Ia menambahkan bahwa kegiatan ini selaras dengan poin ke-13 Aksi Kementerian Imigrasi dan Pemasyarakatan serta arahan Direktur Jenderal Imigrasi, Hendarsam Marantoko.
“Melalui kegiatan ini, kami berharap kehadiran Imigrasi dapat dirasakan secara langsung oleh masyarakat, tidak hanya dalam aspek pelayanan keimigrasian, tetapi juga melalui kontribusi sosial yang berkelanjutan,” tambahnya.

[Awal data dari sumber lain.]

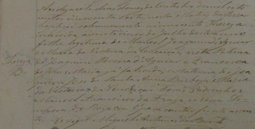- Thereza, nascida no dia 25/07/1858, batizada no dia 17/10/1858, na Matriz da Serra-ES
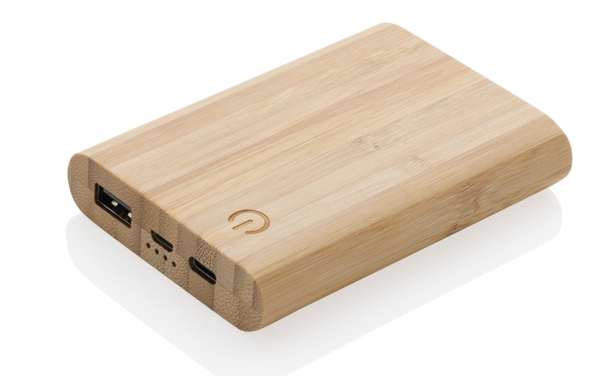 Powerbanka s kapacitou 5 000 mAh vyrobená ze 100 % FSC certifikovaného bambusu. Obsahuje velmi kvalitní lithium polymerovou baterii řady A s kapacitou 5 000 mAh pro plné nabití telefonu až 3x a také má indikátory stavu nabití. Micro USB a USB C vstup: 5V/2A. USB A, Micro USB a USB C výstup: 5V/2A. Také obsahuje nabíjecí kabel z recyklovaného TPE. Produkt je Bez PVC a zabalen v FSC® krabičce.
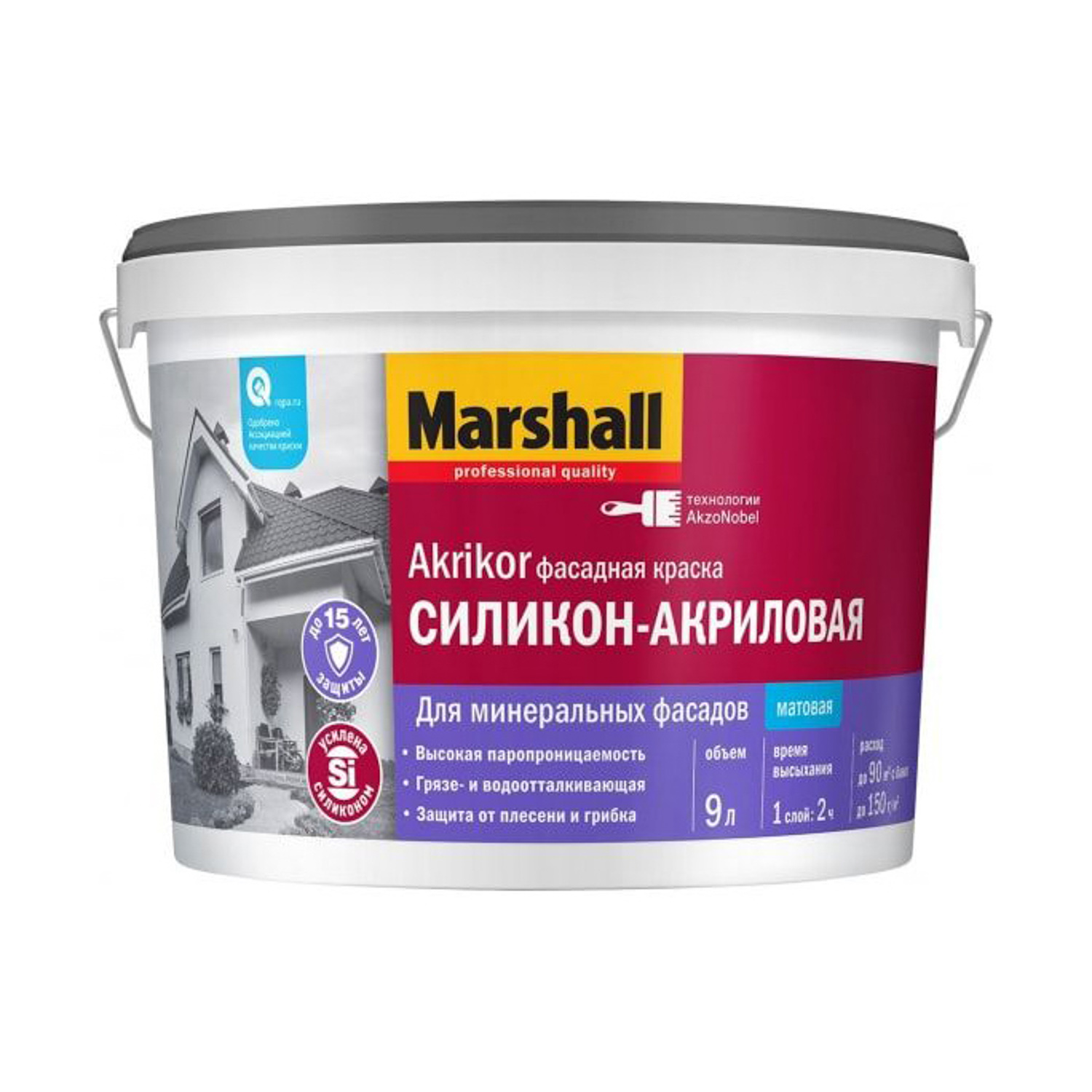 Краска акриловая фасадная 9 л Marshall AKRIKOR База ВW *1
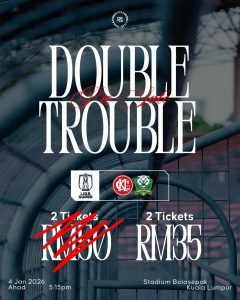 A new year and with it some new resolutions, but great deals like our Double Trouble shall must remain the same! TWO (2) general admission open-category adult tickets at RM35 ONLY for KLC vs Imigresen!! YES 2 TIX = RM35! Sales Period : Starts immediately
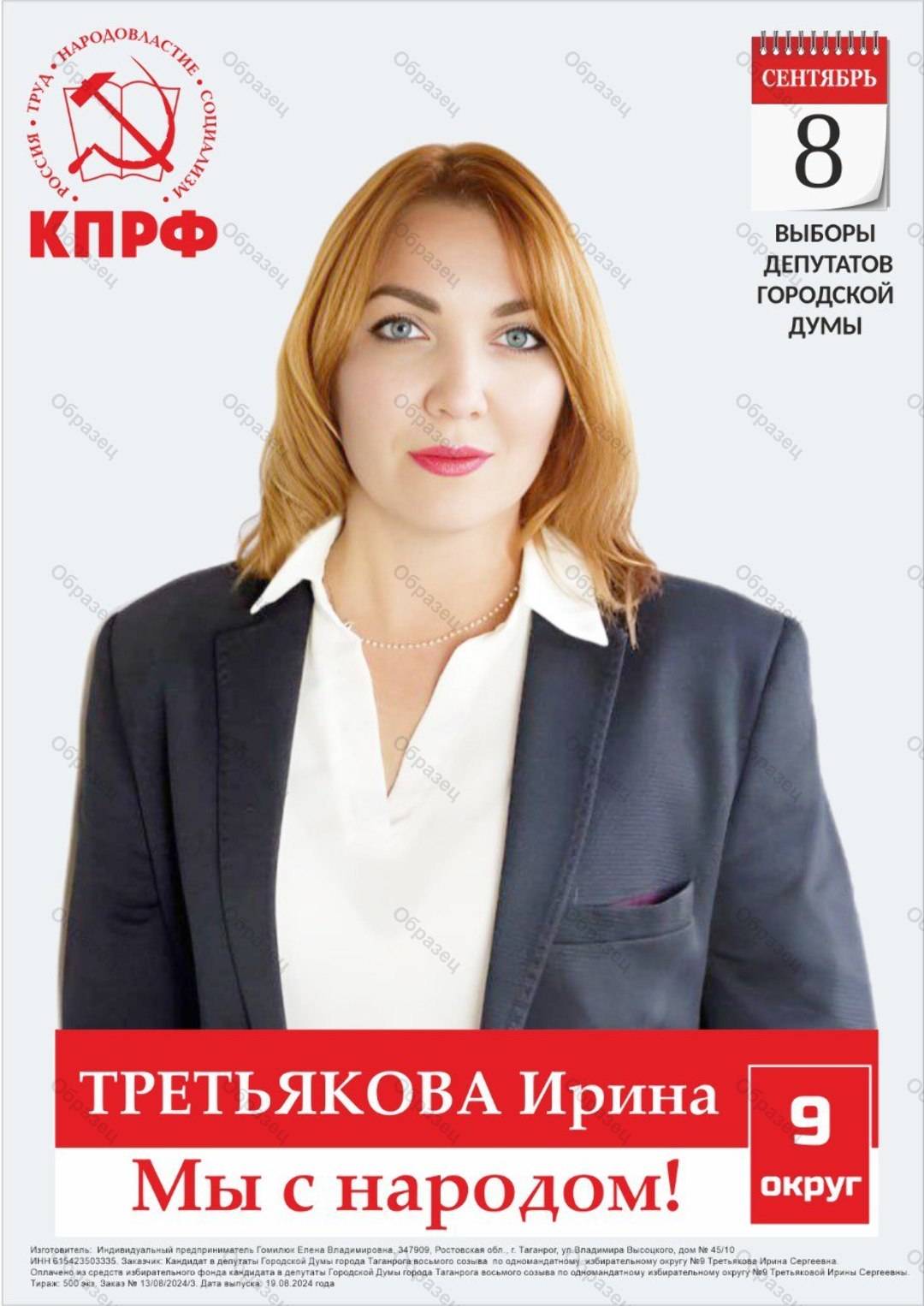 Оплачено за счет средств избирательного фонда кандидата в депутаты Городской Думы города Таганрога восьмого созыва по одномандатному избирательному округу № 9 Третьяковой Ирины Сергеевны

Kegiatan ini dibuka secara resmi oleh Kepala Dinas Kesehatan Kabupaten Konawe, Yones. Dalam sambutannya, ia mengapresiasi langkah inovatif Imigrasi Kendari yang telah membantu pemerintah daerah dalam memfasilitasi akses kesehatan bagi warga di pelosok.
“Kami mengucapkan terima kasih dan apresiasi kepada Imigrasi Kendari atas terselenggaranya kegiatan ini. Kegiatan seperti ini sangat membantu masyarakat dalam memperoleh akses layanan kesehatan,” kata Yones.
Yones mencatat layanan ini mampu menjangkau hingga 300-400 warga sebagai upaya deteksi dini kesehatan. Ia pun berharap langkah humanis ini dapat menginspirasi instansi lain untuk melakukan hal serupa.
“Kami berharap kegiatan ini dapat menjadi inspirasi bagi instansi lain untuk turut berperan aktif dalam meningkatkan kesejahteraan masyarakat,” pungkasnya.
Melalui pendekatan pelayanan yang inklusif ini, Kantor Imigrasi Kelas I TPI Kendari berupaya mempererat hubungan antara pemerintah dan rakyat, sekaligus membuktikan bahwa birokrasi masa kini hadir lebih responsif dan peduli terhadap kemanusiaan.